EASTERN PA. Man, 3 teens charged in death of teenager
A judge ruled there was enough evidence to send the case to trial.
PHILADELPHIA (AP) -- In her last 90 minutes of life, 15-year-old Christine Ham was stabbed, choked, smothered, kicked, jumped on, tossed in gasoline and dumped in a river.
She called out to a boyfriend that she loved him, then crawled onto the bank to die as he walked away, according to a statement he gave police.
In a case that eerily parallels another grisly teen slaying in Philadelphia, the boyfriend and three teenage friends are now charged with killing Ham.
In both cases, the friends met to plan the crime and used a sexual tryst to lure the victims to their deaths, police said.
On Wednesday, a judge ruled there was enough evidence to send the case to trial.
Statements
In preliminary hearings, police read statements given by Ham's boyfriend Derrell Savage, 20, and her friends Damarcus Hamms, Felicia Dawson and John Garrett in the days after Ham was killed at a Southwest Philadelphia housing project.
"Christine liked [Dawson] and Christine looked up to [her] as a big sister," a detective testified, reading from Savage's statement as Dawson, 19, scowled.
Ham, a Chester High School sophomore, was killed because her city friends blamed her for a March 13 rumble in Chester, they told police.
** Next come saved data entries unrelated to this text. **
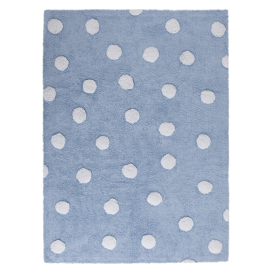 Hledáte-li pěkný kusový koberec do dětského pokoje, pak rozhodně nepřehlédnětě bavlněný koberec Polka Dots Blue-White. Nejenže skvěle vypadá, ale také se velmi snadno udržuje! Stačí ho pouze strčit do pračky a jednoduše vyprat, takto jednoduché to je. Kromě toho se ale může tento stylový puntíkovaný koberec pochlubit i vysokou kvalitou, příjemně měkkým povrchem a snadnou kombinovatelností s ostatními produkty z této řady.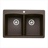 Blanco 440218 Features: -Double bowl. -Diamond collection. -Cafe brown . -Drop-in and undermount installation. -Classic equal double bowl design. -80% rock hard granite. -Color all the way through. -Highly resistant to scratching, staining and all household acids and alkali solutions. -Non-porous, easy to clean. -Heat resistant to 536° F. -Extremely hygienic, does not absorb odors or bacteria. -Limited lifetime warranty. -Drain diameter : 3.5". -Left bowl : 9.5" H x 14.5" W x 17" D. -Right bowl : 9.5" H x 14.5" W x 17" D. -Overall dimensions : 9.5" H x 33" W x 22" D. For more information on this product please view sheet(s) below: Product Dimensions: Includes: Style / Application: Manufacturer Part Number: Finish: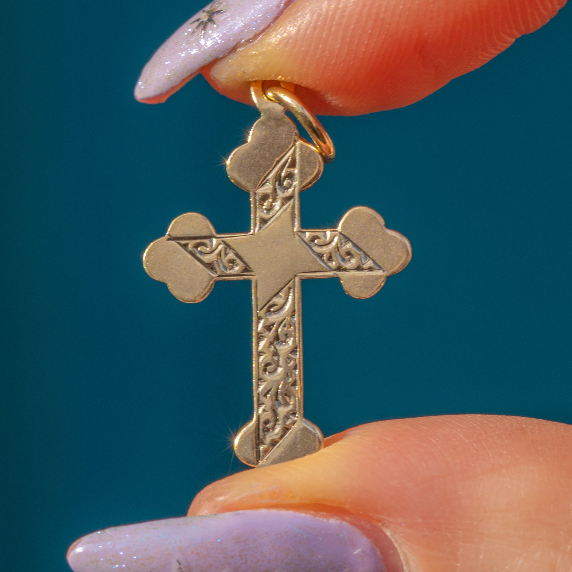 This dainty antique 9ct Gold engraved cross pendant is simply gorgeous! Finely engraved orate details sweep across the front of this cross, catching the light beautifully and bringing texture to the buttery 9ct Gold.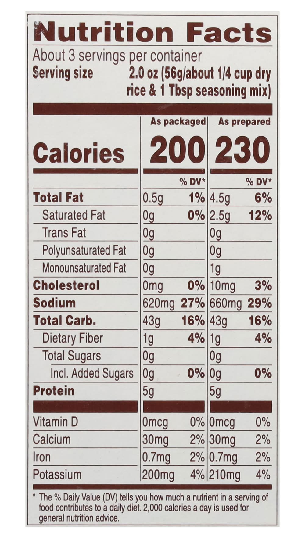 Safe handling instructions: this product is not ready-to-eat and must be thoroughly cooked before eating to prevent illness from potential bacteria in the product. do not eat or play with raw product; wash hands, utensils, and surfaces after handling. microwave: microwave directions: (1). in round 2-quart microwaveable glass casserole, combine rice, contents of spice sack, 2-1/4 cups water and 1 tablespoon olive oil or butter. (2). cover; microwave at high 18 to 21 minutes or until most of water is absorbed.(microwave ovens may vary. adjust times as needed). (3). let stand about 5 minutes or until all water is absorbed. (4). fluff pilaf lightly with fork before serving. range top directions: (1) in medium saucepan, bring 1-3/4 cups water and 1 tablespoon olive oil or butter just to a boil. (2) stir in rice and contents of spice sack. return to a boil. (3) cover; reduce heat to low. simmer 20 to 25 minutes or until most of water is absorbed. (4) fluff pilaf lightly with fork before serving. about 3 cups prepared. high altitude preparation: at high altitudes, increase water to 2-3/4 cups and cook time to 33 to 38 minutes. low fat directions: follow package directions, except omit olive oil or butter and add additional 3 tablespoons water. (see nutrition facts for sodium content.

After a debate over whether Chester -- a blighted small city just south of Philadelphia -- had any verifiable gangs, the big-city visitors were jumped by supposed members of the Bloods who came running out of a house in Ham's neighborhood.
"I was beat up by a bunch of guys with pipes and bats," Savage said, according to his police statement.
As they rode the bus home from Chester, they started plotting revenge, he said in his statement.
"This was a setup for awhile. We knew what we were going to do," Dawson, 19, allegedly told police.
Toward the end of a daylong visit to Philadelphia on April 23, Ham agreed to have sex with Dawson outside while the men watched, Dawson said in her statement.
Instead, Hamms, 19, pulled out a long kitchen knife and stabbed her with such force the knife broke, he told police. He and Dawson used that knife and Dawson's 5-inch pocketknife to stab Ham at least a dozen times, while Savage covered her mouth and helped drag her in a gas-soaked trash can to the Schuylkill River, police said.
Garrett, 17, helped plan the crime and served as a lookout, police said.
"They stabbed her. They choked her. They smothered her. They tried to set her on fire. They threw her in the river. And she survived all that," said Assistant District Attorney Mark Gilson, who said Ham ultimately bled to death. "It takes a lot to kill a person."
Ham lived with her maternal family in Chester but often hung out in Philadelphia, where her late father's family lives.
Mother's response
Her mother, Joan Ignudo, said Wednesday's disturbing testimony did not come as a surprise.
"No, because I already heard it before," Ignudo said, declining to comment further. She previously said her headstrong daughter often stayed out late and, despite warnings, never worried about her safety.
In March, another teenage girl found herself on the witness stand in the same courthouse, testifying about the spring day in 2003 when she and three male friends killed 16-year-old Jason Sweeney. Justina Morley was a 15-year-old Catholic school eighth-grader when she lured Sweeney to a remote meeting place, where he was pummeled with a hatchet, a hammer and rocks. The teen killers spent his $500 paycheck on a drug binge.
"It's an unfortunate circumstance ... that young children today seem to be more and more implicit in these kinds of offenses," defense lawyer Perry DeMarco, who represents Savage, said outside the courthouse Wednesday.
He said his client said he tried to warn Ham beforehand and sought out police the morning after she was killed.
Still, DeMarco conceded the case will be difficult to defend. The recent Sweeney trial, which resulted in life sentences for the three males and a 171/2 to 35-year sentence for Morley, rekindled public outrage over those young killers.
"The obvious viciousness of this [Ham's] attack makes it a real uphill battle," De Marco said.